Assigned task:
Return the listing below unchanged, minus its pictures.

Source material:
━━━━━━

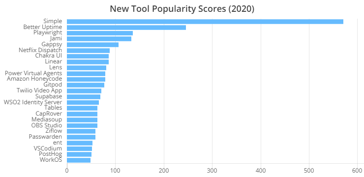 목차 1. 2021/01/29 - [Programming] - 2020년도 개발자들의 최고의 툴(1/2) 2. [현재 글] 2020년도 개발자들의 최고의 툴(2/2) StackShare Top Tools Awards 2020의 수상자 이어서 계속 알아보도록 합시다. 2020..
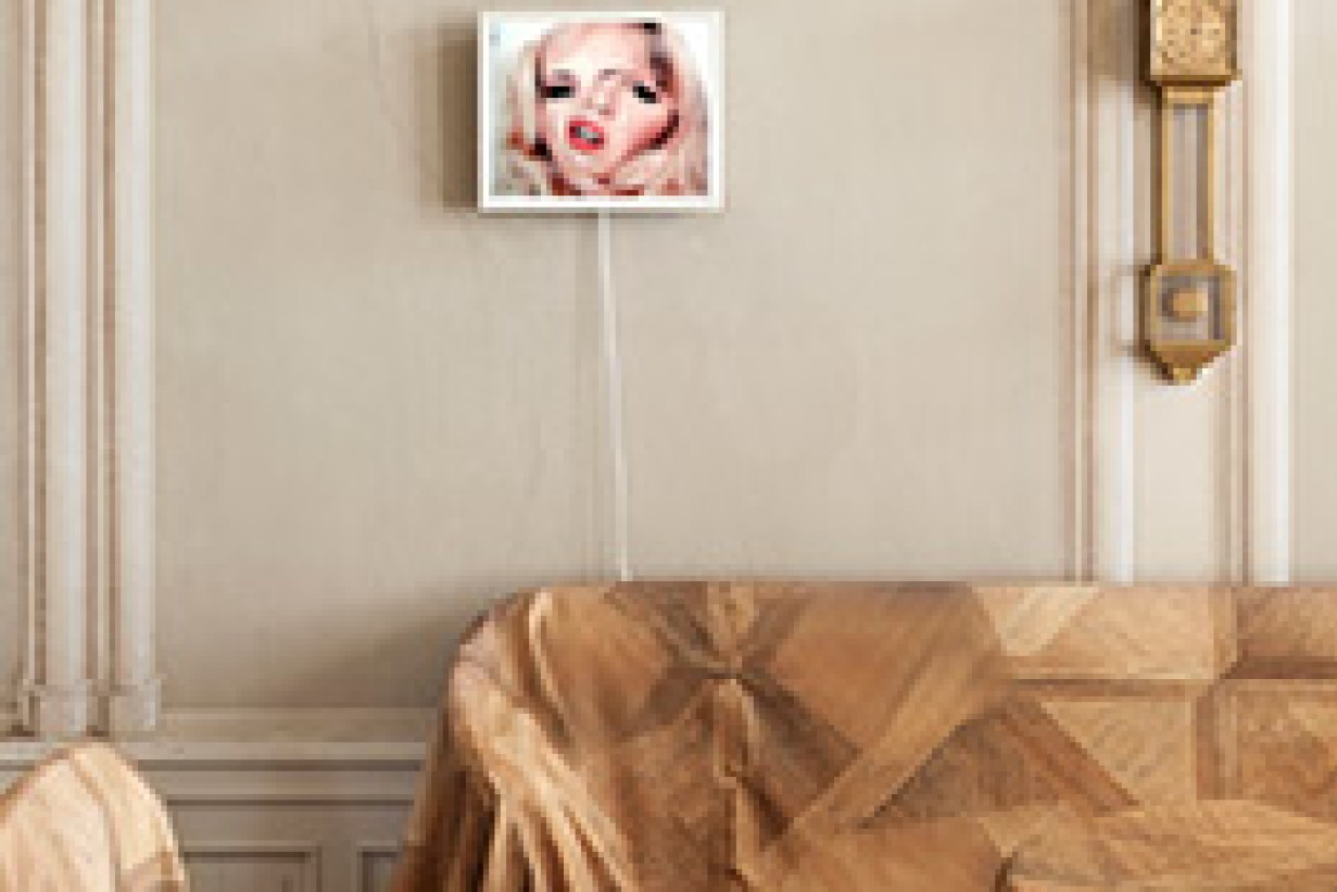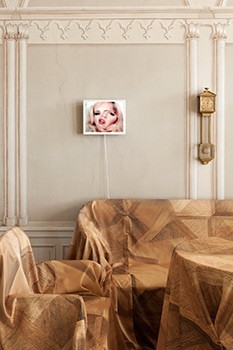 In the front: Robert Stadler, Fantome, floor patterns from the Geymüllerschlössel digitally edited for textile printing in collaboration with Backhausen, 2014. Robert Stadler, 24h Linda clock, 2005
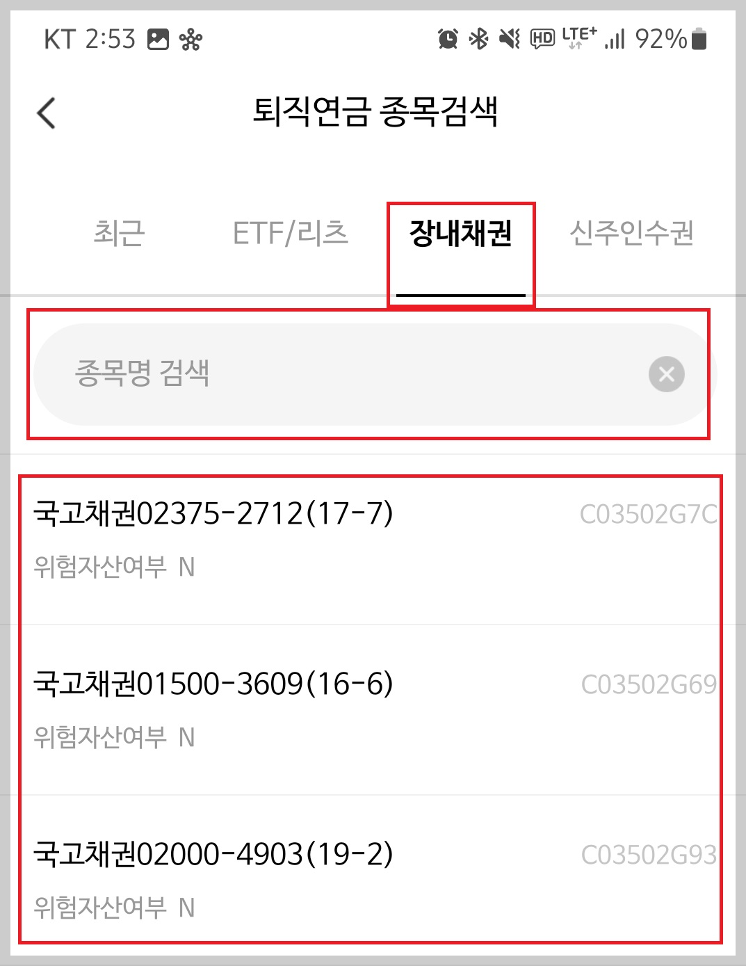 장외채권 메뉴에서 채권명으로 검색을 해도 되고, 국채로 필터링해서 리스트 중에서 골라도 됩니다.
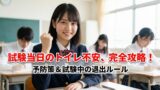 試験会場のトイレは混雑します。並ぶこと自体がストレスや焦りの原因になりかねません。しかし、座りっぱなしで血流が悪くなった身体を動かすチャンスでもあります。
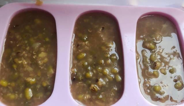 綠豆湯涼下來後,將它們分裝進模具裡,裝好後放上雪糕棍,再放進冰箱內冷凍。
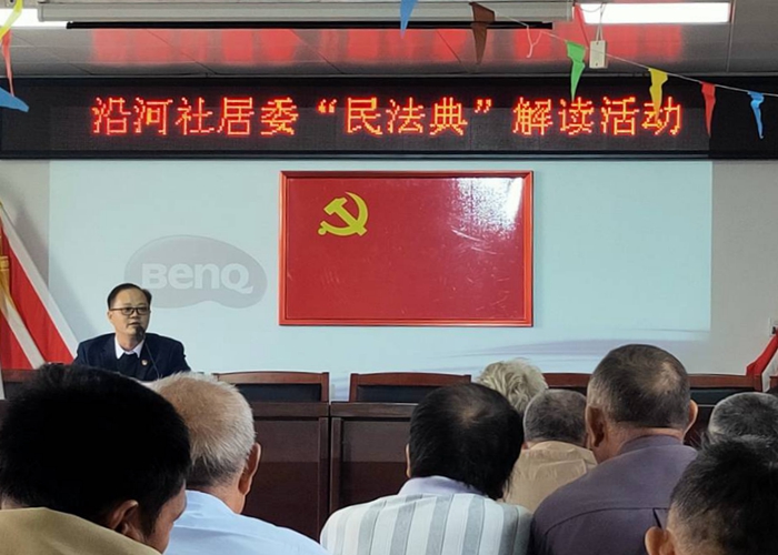 9月20日,新站高新区沿河社居党委特邀我校马克思主义学院副教授、安徽省委讲师团青年宣讲名师高元龙来到社区为党员干部及群众讲解、普法。今年5月28日通过的《中华人民共和国民法典》是新中国成立以来第一部以“法典”命名的法律,被称为“社会生活的百科全书”。讲课中,高元龙用通俗简朴的语言和生动案例,就《民法典》中见义勇为免责、离婚冷静期的设定、小区共有场所收入归业主、高空抛物坠物等与大家日常生活息息相关的问题及纠纷进行了讲解,并对大家生活中遇到的法律难题进行解答。
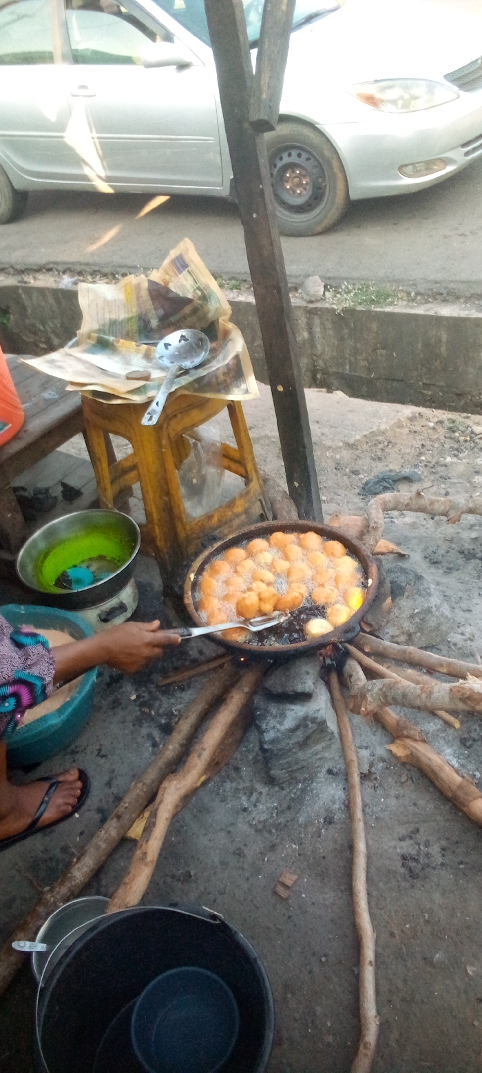 A woman fries puff-puffs in a large pan over an open fire supported by logs. The background shows a silver car parked near a gutter. Next to the cooking area is a yellow stool with newspapers and a slotted spoon on top. Other utensils and buckets are near the cooking fire. The scene appears to be an outdoor food preparation setup.
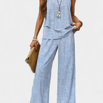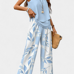 Chic y sin esfuerzo, el conjunto Carmen transforma la simplicidad en elegancia bohemia. Este conjunto para damen cuenta con un top fluido sin mangas y pantalones rectos con un estampado artístico que aporta personalidad sin exceso. Su silueta pulida se adapta a cualquier entorno, brindando frescura y estilo en cada paso. Ideal para quienes buscan un look sofisticado y moderno.
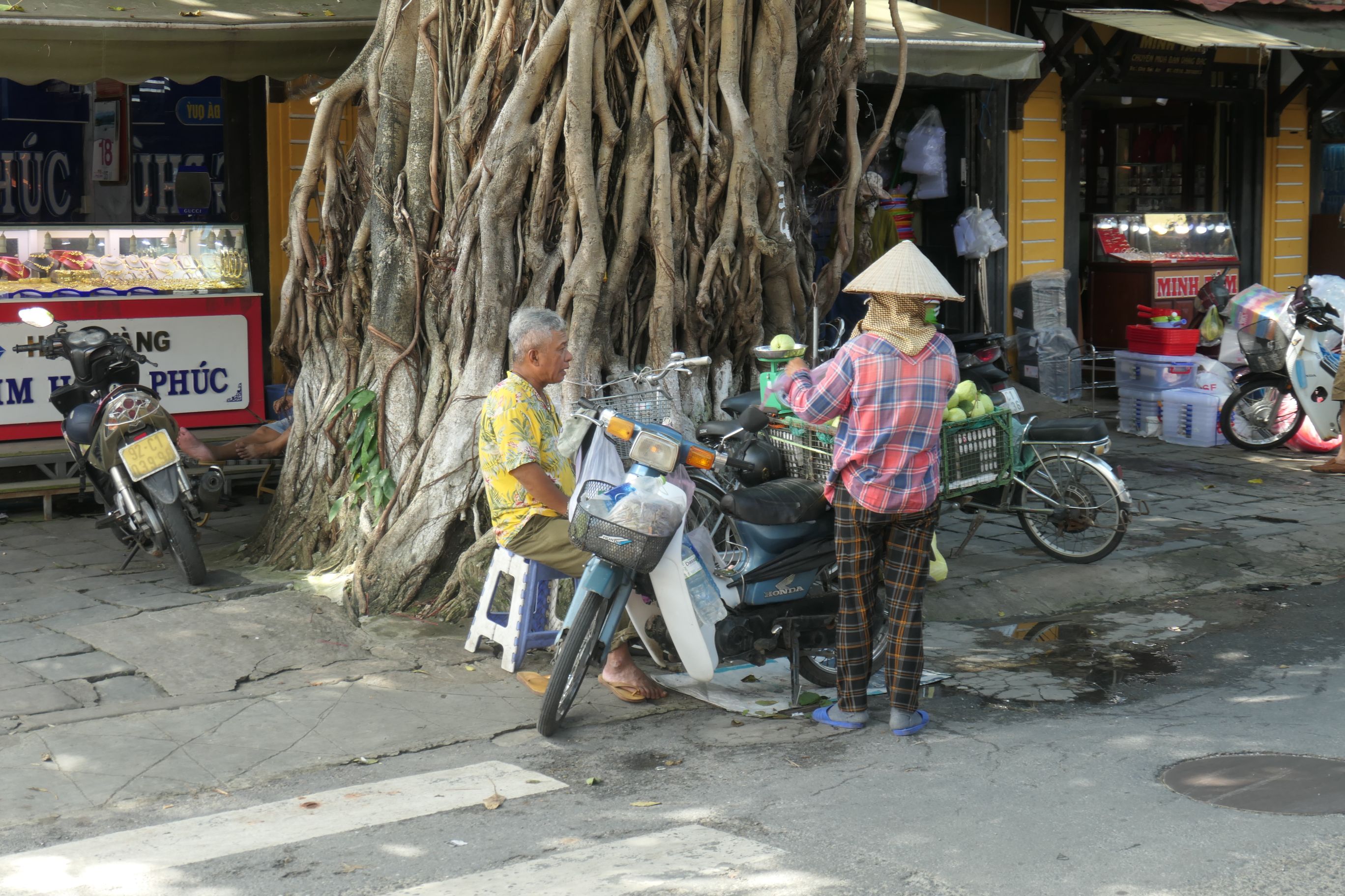 We weren’t far from the Japanese bridge. I remember being scammed there five years ago, when two women appeared around a corner carrying fruit baskets on shoulder poles. They broke into broad smiles. It was a great photo opportunity. The minute I’d taken my shot, out came their hands for money and they weren’t prepared to accept anything less than a small fortune.
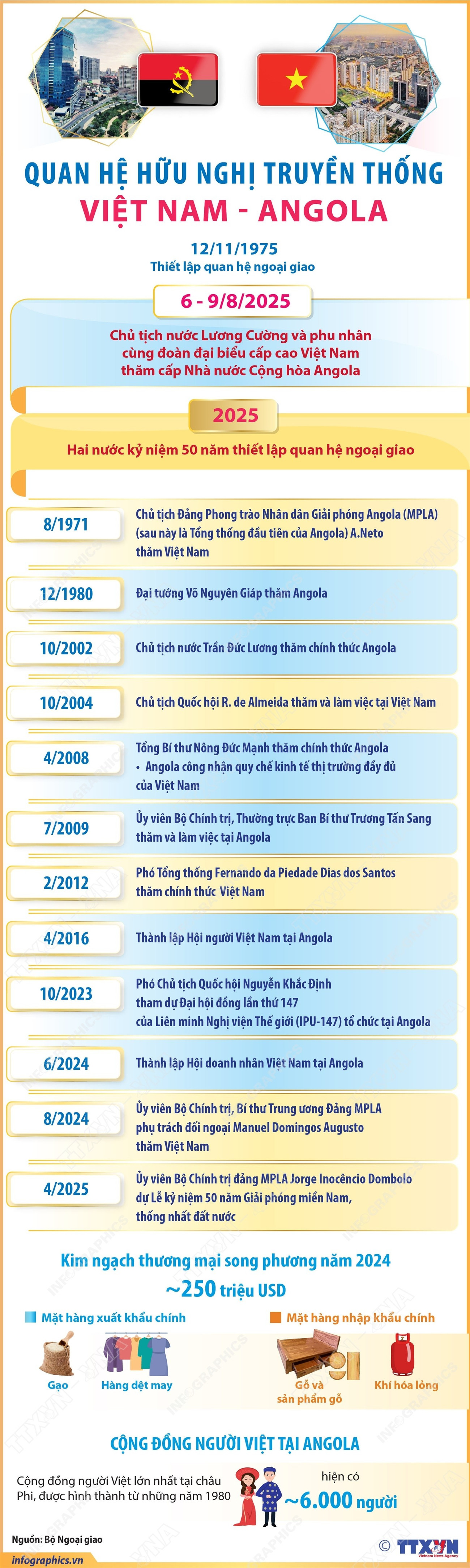 Chủ tịch nước Lương Cường thăm Angola nhân kỷ niệm 50 năm thiết lập quan hệ ngoại giao hai nước, mở ra cơ hội hợp tác mới giữa Việt Nam và Angola trong thời kỳ phát triển.
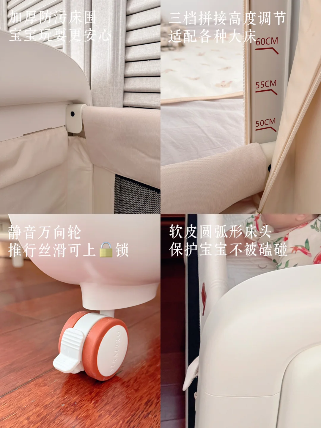 四个静音万向轮顺滑好推拉,自带锁扣可以一键锁住,白天还可以推到阳台让宝宝晒会儿太阳~
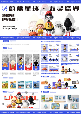 本次获奖作品《蔚蓝星环·五灵结界》灵枢家族 IP 形象设计,深度挖掘生态守护主题的文化内涵,以奇幻故事为依托,塑造出五个代表不同元素的 IP 形象。通过展现它们守护生态的使命,生动诠释人与自然和谐共生的理念。
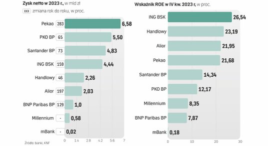 Z kolei mBank i Millennium uplasowały się na końcu zestawienia i w ich przypadku trudno mówić o rekordach. Zysk mBanku za cały 2023 r. to zaledwie 24 mln zł. Dobrze chociaż, że bank w ogóle wyszedł na plus wobec 700 mln zł straty w 2022 r.

━━━━━━

Expected output:
 목차 1. 2021/01/29 - [Programming] - 2020년도 개발자들의 최고의 툴(1/2) 2. [현재 글] 2020년도 개발자들의 최고의 툴(2/2) StackShare Top Tools Awards 2020의 수상자 이어서 계속 알아보도록 합시다. 2020..
 In the front: Robert Stadler, Fantome, floor patterns from the Geymüllerschlössel digitally edited for textile printing in collaboration with Backhausen, 2014. Robert Stadler, 24h Linda clock, 2005
 장외채권 메뉴에서 채권명으로 검색을 해도 되고, 국채로 필터링해서 리스트 중에서 골라도 됩니다.
 試験会場のトイレは混雑します。並ぶこと自体がストレスや焦りの原因になりかねません。しかし、座りっぱなしで血流が悪くなった身体を動かすチャンスでもあります。
 綠豆湯涼下來後,將它們分裝進模具裡,裝好後放上雪糕棍,再放進冰箱內冷凍。
 9月20日,新站高新区沿河社居党委特邀我校马克思主义学院副教授、安徽省委讲师团青年宣讲名师高元龙来到社区为党员干部及群众讲解、普法。今年5月28日通过的《中华人民共和国民法典》是新中国成立以来第一部以“法典”命名的法律,被称为“社会生活的百科全书”。讲课中,高元龙用通俗简朴的语言和生动案例,就《民法典》中见义勇为免责、离婚冷静期的设定、小区共有场所收入归业主、高空抛物坠物等与大家日常生活息息相关的问题及纠纷进行了讲解,并对大家生活中遇到的法律难题进行解答。
 A woman fries puff-puffs in a large pan over an open fire supported by logs. The background shows a silver car parked near a gutter. Next to the cooking area is a yellow stool with newspapers and a slotted spoon on top. Other utensils and buckets are near the cooking fire. The scene appears to be an outdoor food preparation setup.
 Chic y sin esfuerzo, el conjunto Carmen transforma la simplicidad en elegancia bohemia. Este conjunto para damen cuenta con un top fluido sin mangas y pantalones rectos con un estampado artístico que aporta personalidad sin exceso. Su silueta pulida se adapta a cualquier entorno, brindando frescura y estilo en cada paso. Ideal para quienes buscan un look sofisticado y moderno.
 We weren’t far from the Japanese bridge. I remember being scammed there five years ago, when two women appeared around a corner carrying fruit baskets on shoulder poles. They broke into broad smiles. It was a great photo opportunity. The minute I’d taken my shot, out came their hands for money and they weren’t prepared to accept anything less than a small fortune.
 Chủ tịch nước Lương Cường thăm Angola nhân kỷ niệm 50 năm thiết lập quan hệ ngoại giao hai nước, mở ra cơ hội hợp tác mới giữa Việt Nam và Angola trong thời kỳ phát triển.
 四个静音万向轮顺滑好推拉,自带锁扣可以一键锁住,白天还可以推到阳台让宝宝晒会儿太阳~
 本次获奖作品《蔚蓝星环·五灵结界》灵枢家族 IP 形象设计,深度挖掘生态守护主题的文化内涵,以奇幻故事为依托,塑造出五个代表不同元素的 IP 形象。通过展现它们守护生态的使命,生动诠释人与自然和谐共生的理念。
 Z kolei mBank i Millennium uplasowały się na końcu zestawienia i w ich przypadku trudno mówić o rekordach. Zysk mBanku za cały 2023 r. to zaledwie 24 mln zł. Dobrze chociaż, że bank w ogóle wyszedł na plus wobec 700 mln zł straty w 2022 r.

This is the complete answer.